My Lords, as the noble Lord, Lord Mitchell, sat down, I realised that I have some EIS investments. Since I spoke in that group, although not on the EIS, I probably ought to declare that for the record before we go any further.
Amendment 10 is concerned with the law. Here I am trying to steer between Scylla and Charybdis. Scylla, as evidenced by the Minister, is about advice to be given on supplier relationships, and Charybdis is the statement in paragraph 6 of the Explanatory Notes that:
“The Small Business Commissioner will not provide advice on legal issues relating to a specific case”.
Obviously, I understand the challenge surrounding the use of the word “specific” but there is an issue here about the way large businesses can use legal means to delay payment. I am aware that Amendment 39 in the name of the noble Lord, Lord Aberdare, focuses on the construction industry. I do not wish to run before his horse to block it. Therefore, I do not want to get involved in that industry.
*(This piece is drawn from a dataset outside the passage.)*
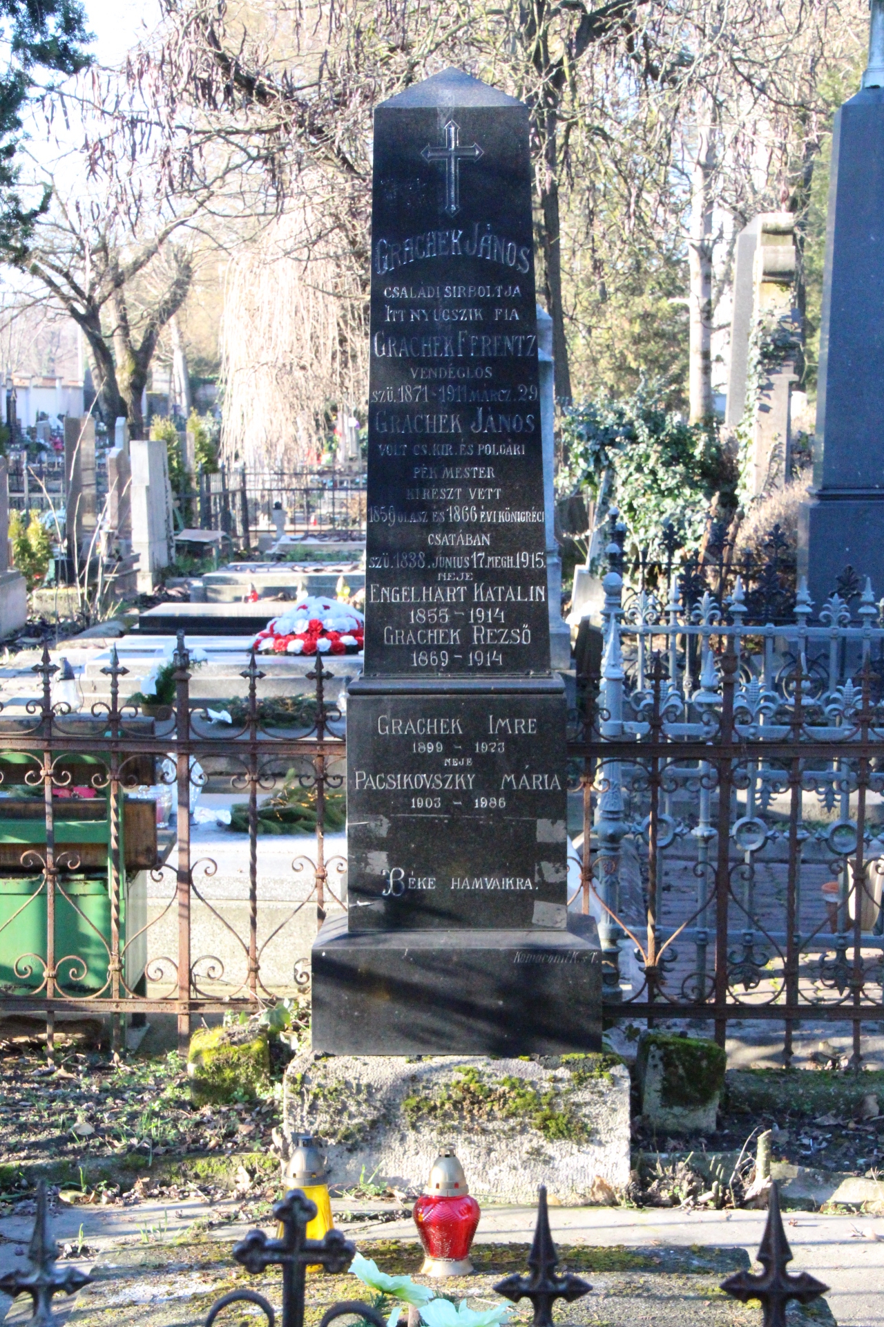 A családi síboltban Grachek János volt cs. kir. és polgári pékmester, ki részt vett 1859-ben az olasz és 1866-bani königréci csatában, neje Engelhart Katalin; fia Grachek Ferencz vendéglős, valamint Grachek Rezső, Grachek Imre és neje Pacsikovszky Mária nyugosznak. A Komáromi Lapok, 1915. március 20-án így búcsúzik tőle: Jobblétre szenderült az utolsó komáromi kucséber Komárom éjjeli...Read More

My focus is on two areas. The first is the practice of finding a minor fault, or perhaps claiming a minor fault, in some goods supplied and withholding a disproportionately large proportion of the sum owed—and, when challenged, the purchaser inviting the supplier to use the law in the certain knowledge that the legal wheels can be made to grind slowly, which is one way that this can happen. The second is the use of a similar approach in matters involving intellectual property—an area where small businesses give a huge degree of help to our economy because small businesses worry away at the coalface, finding new and better ways of doing things—where a small business has made a breakthrough and developed a new product, patented it and then is sat on by a large company.
What do I mean by “sat on”? The example I have in mind is a company I knew of which developed a new freezer cabinet for supermarkets. It had various devices that made it particularly efficient and operationally effective. A large supermarket chain bought six of these—to the delight, obviously, of the small business, which thought that this was a breakthrough—only to find that the supermarket had reverse-engineered the freezer chests and was now manufacturing them itself. The small company claimed infringement of a patent—the intellectual property. The supermarket denied it and invited the small company, if it believed that it had a case at law, to take it to court. The sting in the tail in the meeting was when the person from the supermarket said, “By the way, just before you make up your mind, our lawyers say that we can prevent this from coming to court for two or three years”. The small company
had no way to sustain the cash flow and the capacity to maintain the costs of a legal action for two or three years.
There will always be a degree of inequality of arms between large and small companies in legal matters, but there is a chance here, where we have supplier relationships being abused in this way, for the Small Business Commissioner to be of real help to small businesses, to help redress that balance. That would be of advantage to our country and of particular advantage to the small business community. It is not about specificity or about getting involved in individual cases but rather about making sure that where these sorts of cases happen they are published and efforts are made to make sure that their use and abuse is minimised. I beg to move.